In terms of how she participated in the scripts, Quinn said she acts as a consultant of sorts and was sent “mostly very small things like, ‘This person, she called ‘Sir’ this, not ‘Lord’ this,’ very technical details. In terms of the stories and the emotions of the characters, everything has been spot on.”
More recently, and after she had a chance to bask in the shows incredible success, Quinn said the show “was a fairytale story of everything going right.” She said every stage of production was carefully prepared and that producers had obviously read the books and were passionate about these characters. “They were crystal clear about which books and which characters they wanted,” she said. Everything about it was fabulous, beyond my wildest dreams.” Now that we know how Quinn feels about the whole thing, let’s see what producers have to say about working with her.
Producer Shonda Rhimes said she took some “essential liberties” with the show. The rumors that Queen Charlotte was of African descent, she said, “opened a door in my mind through which the show came to be: not fantasy, just an alternate reality, an alternate version of history.”
That made the show “very interesting” and allowed writers to not make race the main thing and focus more on the more salacious aspects of the show, like “pleasure, sex and love.”
Of course, Rhimes and Quinn recently collaborated on the companion novel Queen Charlotte, which gives some insight into the Queen’s relationship with King George III. When it came to Charlotte’s race and gender, Quinn said she was happy to trust the direction Rhimes was going.
“I really was following her lead there.
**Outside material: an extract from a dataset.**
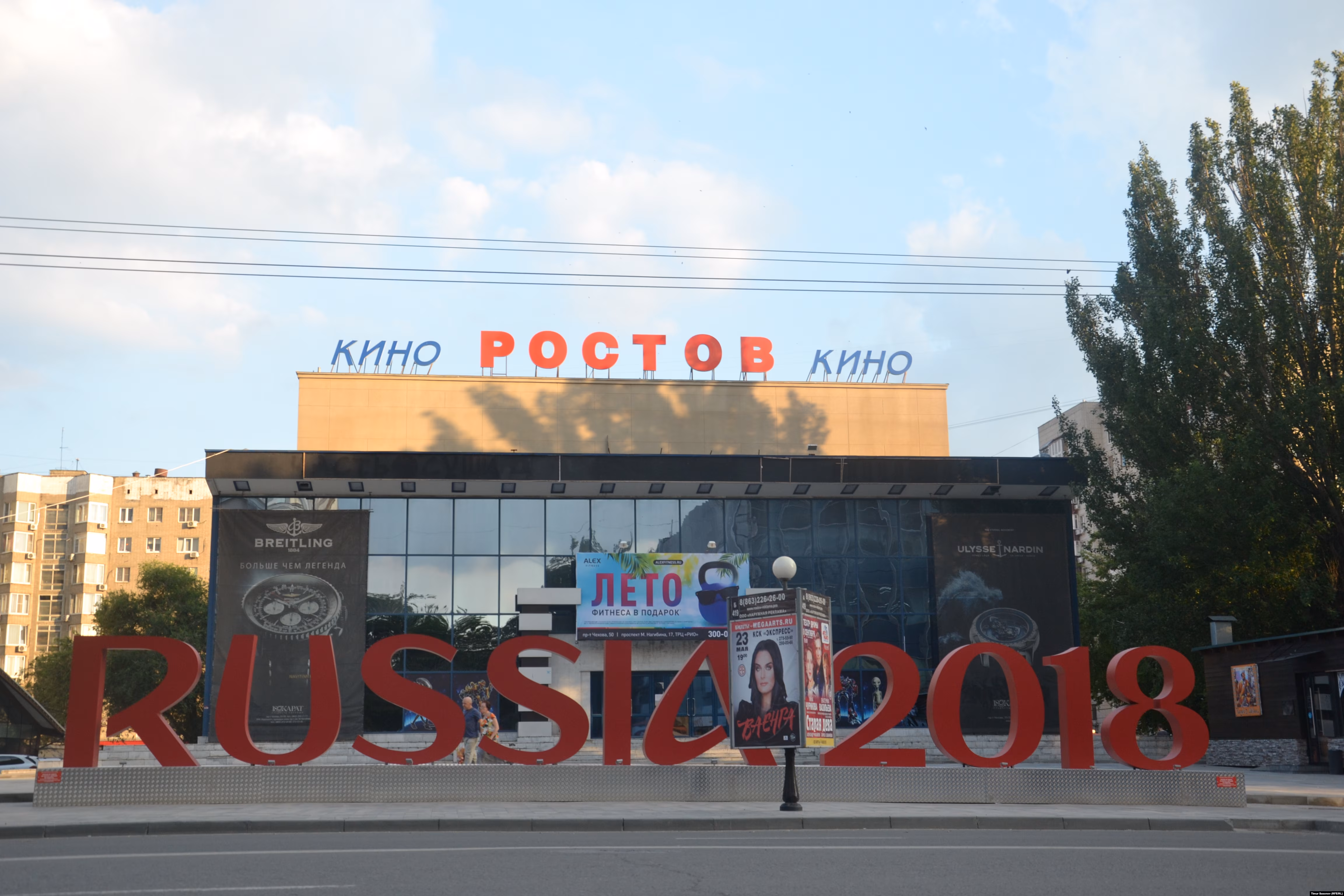Если "сердцем" Левого берега Дона стал стадион, то на другом берегу главное место притяжения болельщиков – фан-зона. Она расположилась на Театральной площади города, прямо напротив знаменитого театра Горького – здания, выполненного в стиле конструктивизм: очертаниями оно напоминает трактор. Уже несколько лет в театре идет реконструкция, к чемпионату мира ее закончить не успели, поэтому бóльшую часть театра просто завесили баннерами.

Another thing to remember, too, about Charlotte — and this was Shonda’s idea — is that when Charlotte gets there, she doesn’t even realize that there’s something revolutionary about that. … It’s really just trying to get that sense of finding your place in a society that has not been historically made room for you.”
Producer Betsy Beers was a little more descriptive about Quinn’s involvement, calling her an “amazing collaborator” that’s very “enthusiastic and supportive.”
Quinn, she explained, is a “constant resource” along with “all the historians and experts who have been able to school us in the manners of the time.” That structure is what allows the producer and writers some latitude “to be free.”